Poster
in
Workshop: Combining Theory and Benchmarks: Towards A Virtuous Cycle to Understand and Guarantee Foundation Model Performance Thu, Jul 9, 2026 • 7:00 PM – 8:00 PM PDT

A Controlled Benchmark for Lag-Structured Dependency Motifs

Bowen Qi

Project Page

Abstract

Long-context benchmarks often report pooled scores over heterogeneous tasks, making it difficult to identify which dependency structures a model actually recovers. We propose a controlled benchmark chart for lag-structured dependencies. Each task is specified by a normalized causal kernel and represented by a lossy but interpretable descriptor $\Phi(w)=(s,P,T_\eta,D)$, measuring support density, peakiness, tail mass, and dispersion.
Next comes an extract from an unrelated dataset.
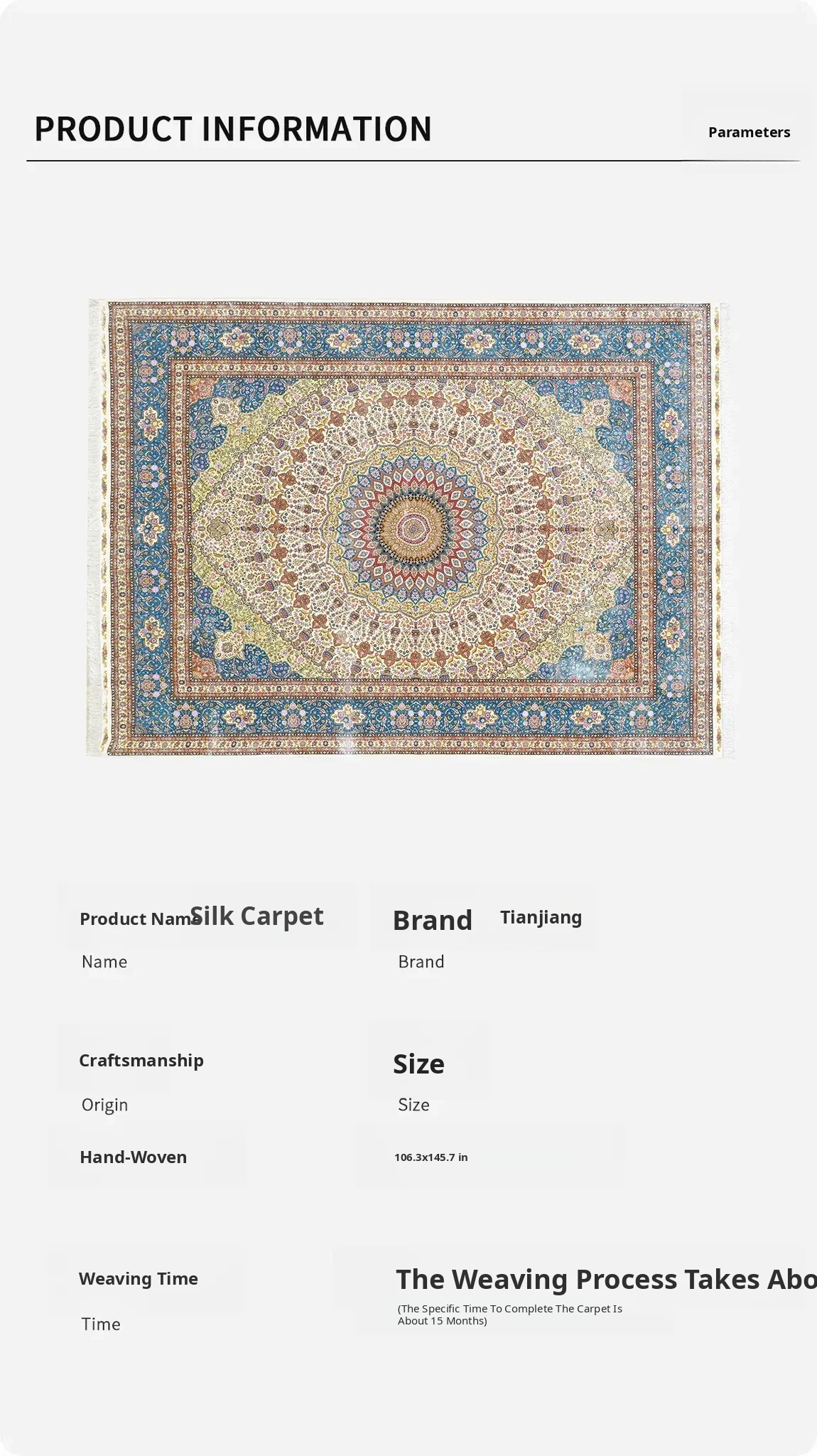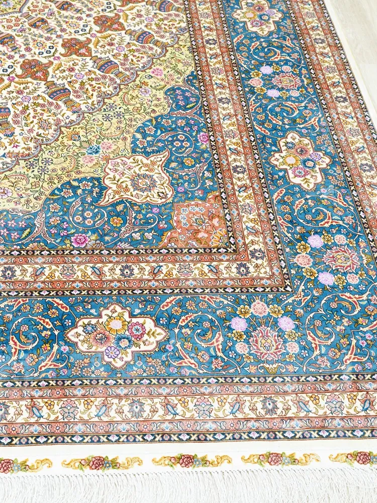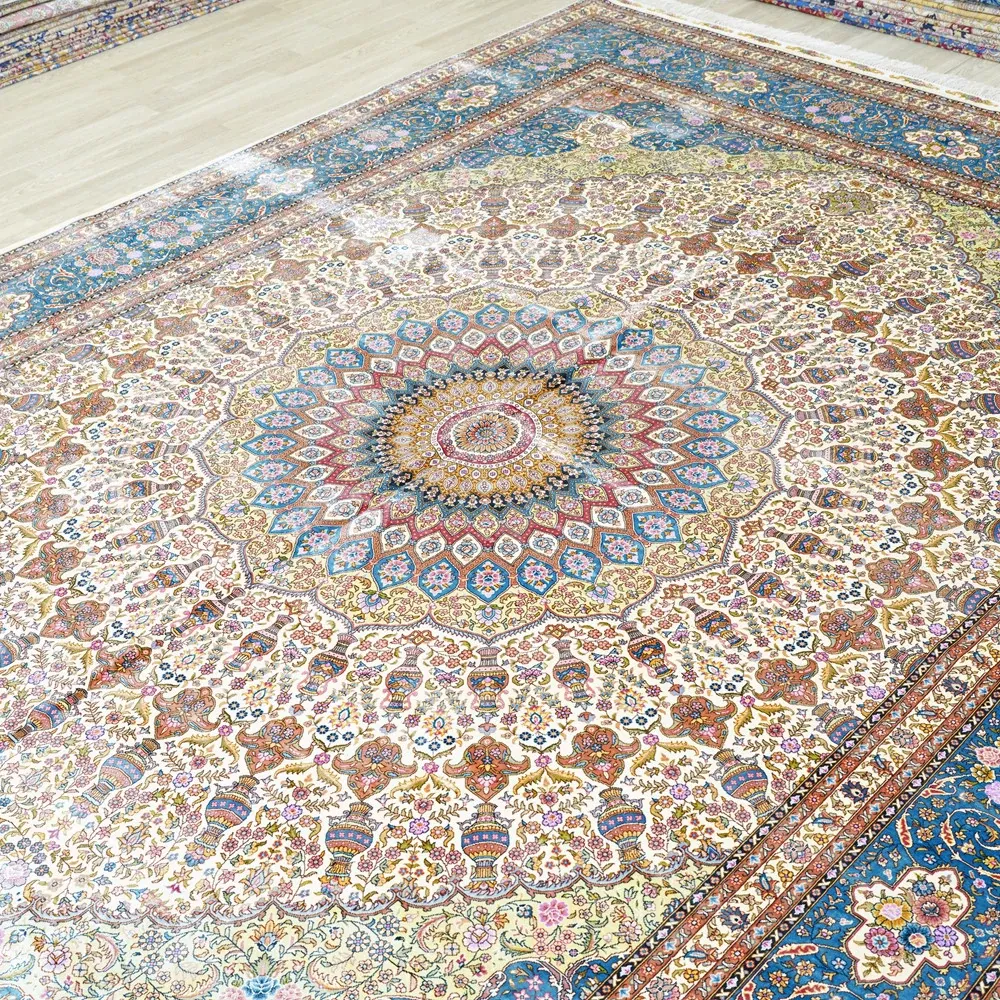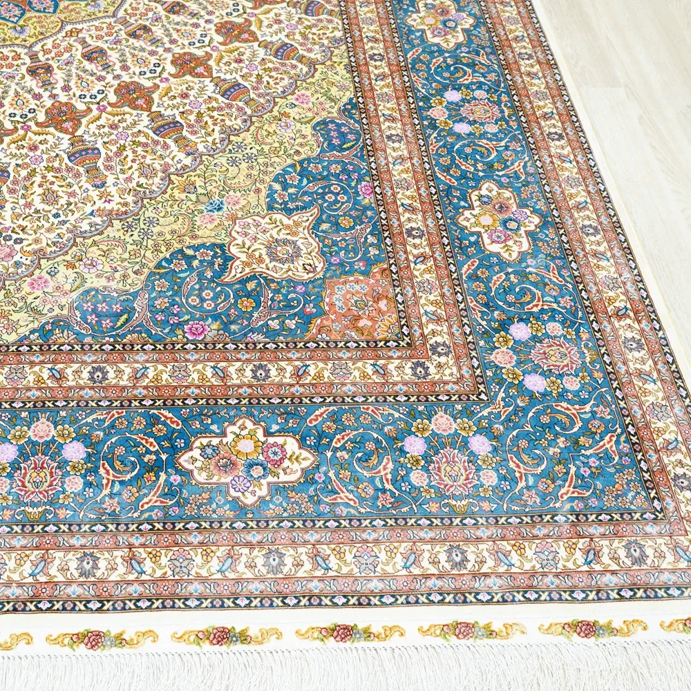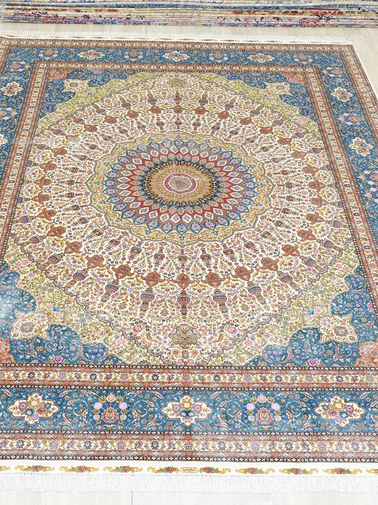 Handcrafted Persian Silk Carpet - Luxurious 270x370cm Area Rug for Villa Living Room and Bedroom, Perfect for Bedside Décor

We instantiate 1021 tasks across eight anchor, bridge, and stress families, and compare same-order lightweight full attention, sliding-window attention, diagonal SSM, and Mamba-like selective SSM heads. The resulting chart reveals architecture-task structure hidden by pooled reporting: a pooled diagnostic summary nearly ties the two best models (0.659 vs. 0.657), while distinct families have sharply different winners. Local neighborhoods in $\Phi$ predict held-out winners with 66.7% accuracy, outperforming family-, region-, and single-model baselines; a targeted three-seed rerun preserves winners on 97.5% of mid/high-gap tasks. Finally, two query-dependent bridge probes, QueriedDecay and AddressedDecay, suggest interpretable preference migration beyond the fixed-kernel face rather than immediate collapse. These results argue for benchmark designs that report structured task neighborhoods rather than only aggregate scores.